Already on GitHub? Sign in to your account

Mytek Stereo192-DSD-DAC crackling since duplex stream synchronisation removal CIP_SYNC_TO_DEVICE in 2016 #34

Closed
vermeeren opened this issue Mar 15, 2021 · 20 comments
Assignees
Labels

Comments

@vermeeren
Copy link
Contributor

vermeeren commented Mar 15, 2021

Hi Takashi,

With Mytek Stereo192-DSD-DAC there is consistent crackling in audio stream with post-2016 driver stack, I believe due to quirk in firmware or hardware of Stereo192-DSD-DAC with Dice Mini (TCD2210) possibly in combination with ALSA firewire driver, as Focusrite Saffire Pro 24 microphone interface works well with both old and new driver stack. Here are some loopback recordings with following configuration: MPD -> Jack -> Stereo192 -> Headphones -> Microphone -> Pro24 -> Jack -> Audacity. Audio signal is 1khz test tone, there are no XRUNs in driver, except possibly 96000hz example.

demonstration.tar.gz (file 192000_olddrv.flac demonstrates correct playback with old ALSA firewire driver stack.)

I originally discovered this in 2016, and reported the issue to alsa-devel in 2017[1]. At the time, changes in ALSA firewire stack were major, causing not only crackling but also failure to change sampling frequency rate. I note current driver already re-implemented all such features in presumably a much better way, as it's working very well besides crackling issue. Later I submitted patch for hard-coded parameters for Stereo192-DSD-DAC in 2018[2], which is required for this model.

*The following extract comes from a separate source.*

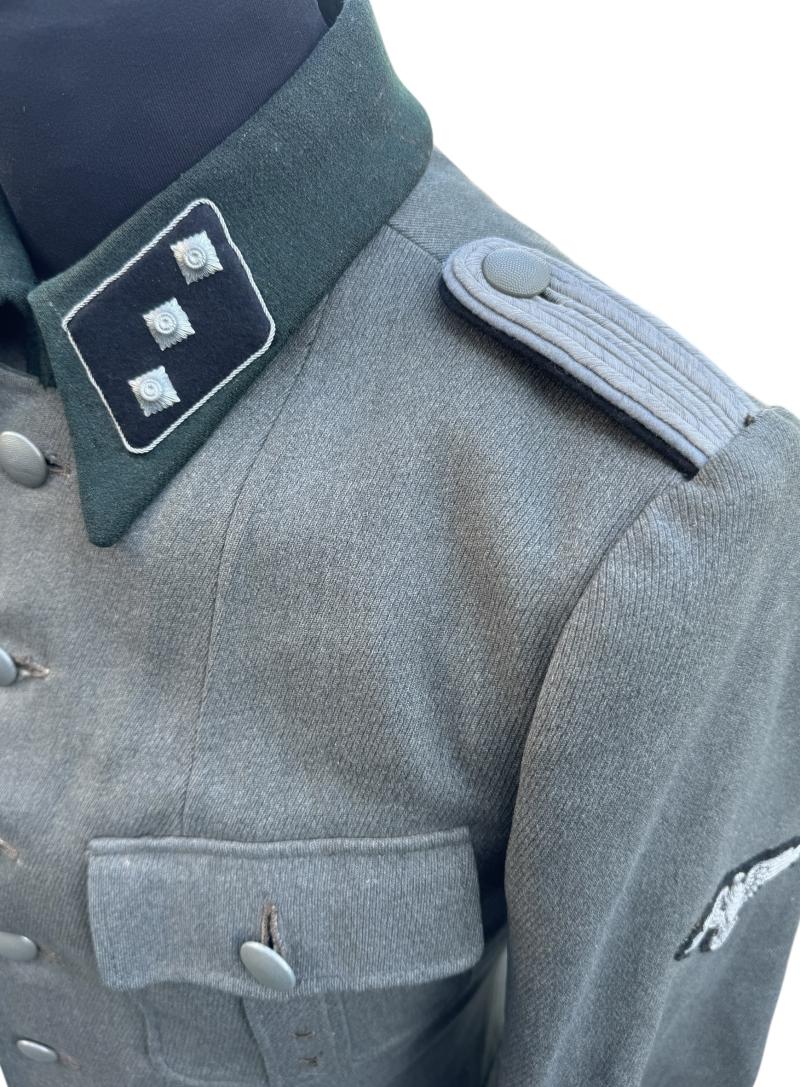 Fantastic WaffenSS Officers tunic of a Lieutenant in a transport unit (Nachschupp) in the rank of lieutenant “SS Untersturmfuhrer” With all its insignia originally sewed to the tunic. With original medal loops.

Finally we had some brief contact in 2020 about another user attempting to use this device[3].

Since 2016 I have been running old ALSA firewire stack for DICE (snd_firewire_lib and snd_dice), which is based upon:

  • 2eb65d67afbf9364b525b657f1475d1a2cbc27de ALSA: dice: expand timeout to wait for Dice notification

Various minor changes and cherry picks over the years to keep it compatible with more modern kernel and backports for important bugs. Recently I upgraded from Debian buster to Debian bullseye, which is from kernel 4.19 to 5.10. It appears changes in ALSA have been significant and not fully backwards compatible, as with old modules suspend is broken, poweroff occasionally has hard CPU lockup and there are stability issues when doing insmod rmmod at times, especially rmmod firewire_ohci. Current kernel is 5.10.19-1 with Debian version 5.10.0-4-rt-amd64.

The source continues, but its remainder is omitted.